‘The Case Of Four And Twenty Blackbirds’ by Neil Gaiman

Gaiman, Neil 1984

The Case Of Four And Twenty Blackbirds by Neil Gaiman, 1984

The magic trick:

Well, it’s a cute idea anyway

It’s noir. It’s comedy. It’s a fun little story. Every detail is accounted for. The nursery rhyme satire is as complete as it is gentle. It reminds me of a really good Weird Al parody – which I say in a (mostly) complimentary way. And that’s quite a trick on Gaiman’s part.

The selection:

So when the dame walked into my office I was sure my luck had changed for the better.

“What are you selling, lady?”

She gave me a look that would have induced heavy breathing in a pumpkin, and which shot my heartbeat up to three figures. She had long blonde hair and a figure that would have made Thomas Aquinas forget his vows. I forgot all mine about never taking cases from dames.

“What would you say to some of the green stuff?” she asked, in a husky voice, getting straight to the point.
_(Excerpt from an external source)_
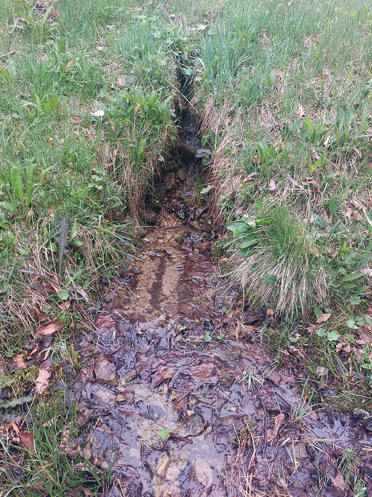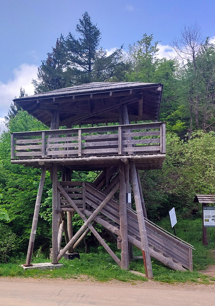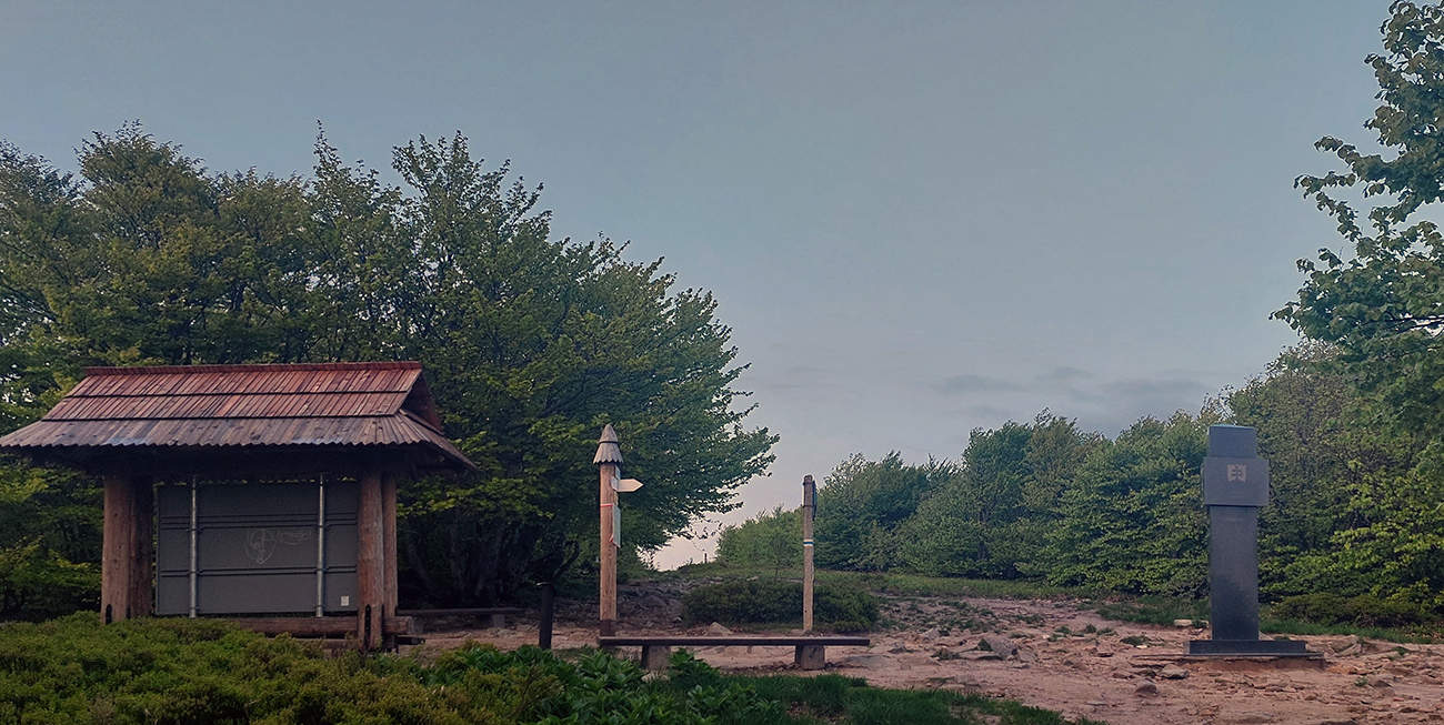 O pol štvrtej začína nebo blednúť a o štvrtej už všetky miestne spevavce vreštia ako divé. Vraj božské lesné ticho, no určite, hehehe... Krajina okolo Haburského rašeliniska je zaujímavá: zmena oproti bežným, kompaktným lesom doteraz, ako na prechádzke parkom si pripadám. Len v parku to pod nohami tak nečvachtá. O pol piatej balím čelovku, aj v prítmí lesa už vidím dobre. Ešte som si naposledy zasvietil do vodojemu, ktorý ma ale napriek očakávaniam a názvu sklamal. Je to len ruina. Na jej dne síce rúra a z nej výdatne tečie voda na pohľad lákavá, ale v mojom stuhnutom stave by som musel podať poriadny gymnastický výkon, aby som sa k nej dostal. Našťastie nemusím a po Balnicu ešte nejaké pramienky budú. V tejto „druhej polovici“ to s vodou už nie je také zlé ako pred Duklou.

“Continue, sister.” I didn’t want her to know how bad I needed the dough, so I held my hand in front of my mouth; it doesn’t help if a client sees you salivate.

She opened her purse and flipped out a photograph. Glossy eight by ten. “Do you recognise that man?”

In my business you know who people are. “Yeah.”

“He’s dead.”

“I know that too, sweetheart. It’s old news. It was an accident.”

Her gaze went so icy you could have chipped it into cubes and cooled a cocktail with it. “My brother’s death was no accident.”